SHAOJIE'S BOOK

Posted 2023-10-12Updated 2025-01-30Tutorials12 minutes read (About 1771 words)

GCC Compiler Option 1 : Optimization Options

手册

# 会列出可选项
g++ -march=native -m32 ... -Q --help=target 
# 会列出O3默认开启和关闭选项
g++ -O3 -Q --help=optimizers

编译时最好按照其分类有效组织, 例子如下：

g++ 
# Warning Options
-Wall -Werror -Wno-unknown-pragmas -Wno-dangling-pointer 
# Program Instrumentation Options
-fno-stack-protector
# Code-Gen-Options
-fno-exceptions -funwind-tables -fasynchronous-unwind-tables
# C++ Dialect
-fabi-version=2 -faligned-new -fno-rtti
# define
-DPIN_CRT=1 -DTARGET_IA32E -DHOST_IA32E -fPIC -DTARGET_LINUX 
# include
-I../../../source/include/pin 
-I../../../source/include/pin/gen 
-isystem /staff/shaojiemike/Download/pin-3.28-98749-g6643ecee5-gcc-linux/extras/cxx/include 
-isystem /staff/shaojiemike/Download/pin-3.28-98749-g6643ecee5-gcc-linux/extras/crt/include 
-isystem /staff/shaojiemike/Download/pin-3.28-98749-g6643ecee5-gcc-linux/extras/crt/include/arch-x86_64 
-isystem /staff/shaojiemike/Download/pin-3.28-98749-g6643ecee5-gcc-linux/extras/crt/include/kernel/uapi 
-isystem /staff/shaojiemike/Download/pin-3.28-98749-g6643ecee5-gcc-linux/extras/crt/include/kernel/uapi/asm-x86 
-I../../../extras/components/include 
-I../../../extras/xed-intel64/include/xed 
-I../../../source/tools/Utils 
-I../../../source/tools/InstLib 
# Optimization Options
-O3 -fomit-frame-pointer -fno-strict-aliasing 
-c -o obj-intel64/inscount0.o inscount0.cpp

常见选项

-Wxxx 对 xxx 启动warning，
-fxxx 启动xxx的编译器功能。
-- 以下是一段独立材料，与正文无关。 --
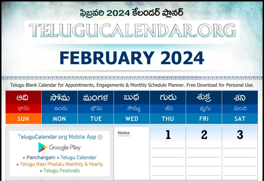 2024 Telugu Calendar Planner February Blank Schedule Planner.
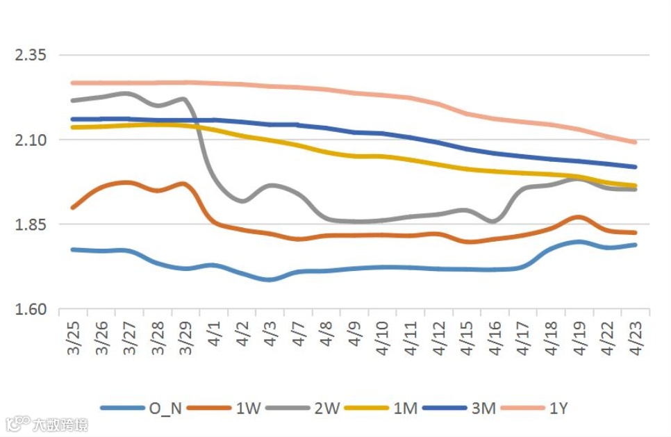 4月 23 日,人民银行以利率招标方式开展了 20 亿元7天逆回购,中标利率为1.80%,较之前持平。因今日有 20 亿元逆回购操作到期和 700 亿元国库现金管理到期,当日实现净回笼 700 亿元。

-fno-xxx 关闭对应选项？？？
-gxxx debug 相关
-mxxx 特定机器架构的选项

名称	含义
-Wall	打开常见的所有warning选项
-Werror	把warning当成error
-std=	C or C++ language standard. eg ‘c++11’ == ‘c++0x’ ‘c++17’ == ‘c++1z’, which ‘c++0x’,’c++17’ is develop codename
-Wunknown-pragmas	未知的pragma会报错（-Wno-unknown-pragmas 应该是相反的）
-fomit-frame-pointer	不生成栈帧指针,属于-O1优化
-Wstack-protector	没有防止堆栈崩溃的函数时warning (-fno-stack-protector)
-MMD	only user header files, not system header files.
-fexceptions	Enable exception handling.
-funwind-tables	Unwind tables contain debug frame information which is also necessary for the handling of such exceptions
-fasynchronous-unwind-tables	Generate unwind table in DWARF format. so it can be used for stack unwinding from asynchronous events
-fabi-version=n	Use version n of the C++ ABI. The default is version 0.(Version 2 is the version of the C++ ABI that first appeared in G++ 3.4, and was the default through G++ 4.9.) ABI: an application binary interface (ABI) is an interface between two binary program modules. Often, one of these modules is a library or operating system facility, and the other is a program that is being run by a user.
-fno-rtti	Disable generation of information about every class with virtual functions for use by the C++ run-time type identification features (dynamic_cast and typeid). If you don’t use those parts of the language, you can save some space by using this flag
-faligned-new	Enable support for C++17 new of types that require more alignment than `void* ::operator new(std::size_t)` provides. A numeric argument such as `-faligned-new=32` can be used to specify how much alignment (in bytes) is provided by that function, but few users will need to override the default of `alignof(std::max_align_t)`. This flag is enabled by default for `-std=c++17`.
-Wl, xxx	pass xxx option to linker, e.g., `-Wl,-R/staff/shaojiemike/github/MultiPIM_icarus0/common/libconfig/lib` specify a runtime library search path for dynamic libraries (shared libraries) during the linking process.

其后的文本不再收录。